Oliver Roy, a professor at the European University Institute in Florence, says “ Our world is flattened as linguistic diversity is replaced by Basic English, expression by emoticons, culture  by identity-markers”. Roy draws on his long experience in both academia and public life, but with provocativeness  and tackles the issue of the culture wars explaining today’s fractures via the extension of individual political and sexual freedoms from the 1960s. For Roy, traditional political protest from class, region or ethnicity, fashioning an identity premised on repudiation rather than inheritance of shared history or values, illuminating, if home is a place that you understand and where you feel understood, we are today living inn a homeless world. The cosmopolitan’s utopia in which one feels at home everywhere has been supplanted by a fear that nobody is actually at home or native to their own land. Our only option is to restore social bonds at the grassroots or citizenship level. According to Roy during the expansion of Christianity or Islam, or during the Renaissance or Enlightenment – a progressive erosion of culture both as an anthropological reality as well as a national canon.

The individualist and Hedonist 1968 revolution ; neoliberal financial globalisation, the internet, and the melting away of physical borders after the cold war that has spurred the movement of peoples and deterritorialisation.

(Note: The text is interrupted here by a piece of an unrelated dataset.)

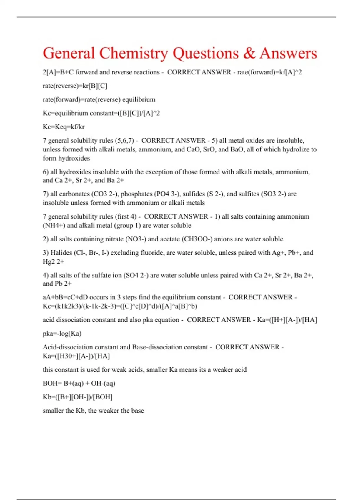 GENERAL CHEMISTRY I QUESTIONS & ANSWERS

For Roy national culture is like native language which you speak it before you learn the grammar. It is those self-evident truths which we share without knowing it. Now, this shared culture is vanishing, while artistic high culture is either a waste of time or one hobby among many.

Roy argues the attempt to conceptualise values above and beyond culture resulting in aggressive normatively, everybody should explicitly know what is the proper behaviour in any given situation, as deviation is not tolerated.

Roy sees the globalisation as dewesternisation of the world. The West has rented its culture for global use, and it cannot live in it any more. 

Roy has managed to write a book on identity politics that neither condemns nor embraces, but is instead a nuanced cultural dissection of origins and its contradictions. You can no longer be progressive in the context of your time; you are now either progressive or reactionary for all times. Everyone is conceived as a contemporary. Roys writes “ The register of emotions is thus reduced to a collection of tokens. The young act like the last generation, judges on the secularised version of Judgement Day. Culture was once our traditional weapon against human morality and we have every reason to fear and Roy has the last word “ deculturation ends with dehumanisation”.

The Crisis of Culture: Identity Politics and the Empire of Norms by Oliver Roy, Translated by Cynthia Schoch  and Trista Selous, Hurst £20, 232 pages.

One response to “Culture no longer weapon against human morality”

  1. pennynairprice avatar
    pennynairprice

    It seems more just that this book has been written recently coming from a negative angle about modern times because we have wars to live with also. Modern technology Olivier claims is not all good and the theme of the Global Village is in many ways dismissed as negative where none of us feel at home wherever we are. I disagree on this point.  But in the past there have always been wars – some on a much smaller scale and conflict – for King Charles for example (read The Killers of The King by Charles Spencer). He implies that those growing up right now or “Young people” feel that they may be the last generation on the planet. This book is a crystalisation of the culture we live in and addresses the possibly subconcious feelings of the masses. Olivier has every reason to speculate and be negative. However it would be nice to read something that sings the praises of modern life and all it has to offer and how it keeps us more closely linked to each other. But bubbling under in all our lives – wherever we are in the world is the nervous knowledge that things are not as they should be. There is little mention of epidemics including Covid of course but the plus side for this book is that for most of us who watch or listen to the news on a daily basis we can idenitfy with an educated opinion from a negative angle and then get on with our hopefully happy lives, as events unfold worldwide that make us worry. Well done.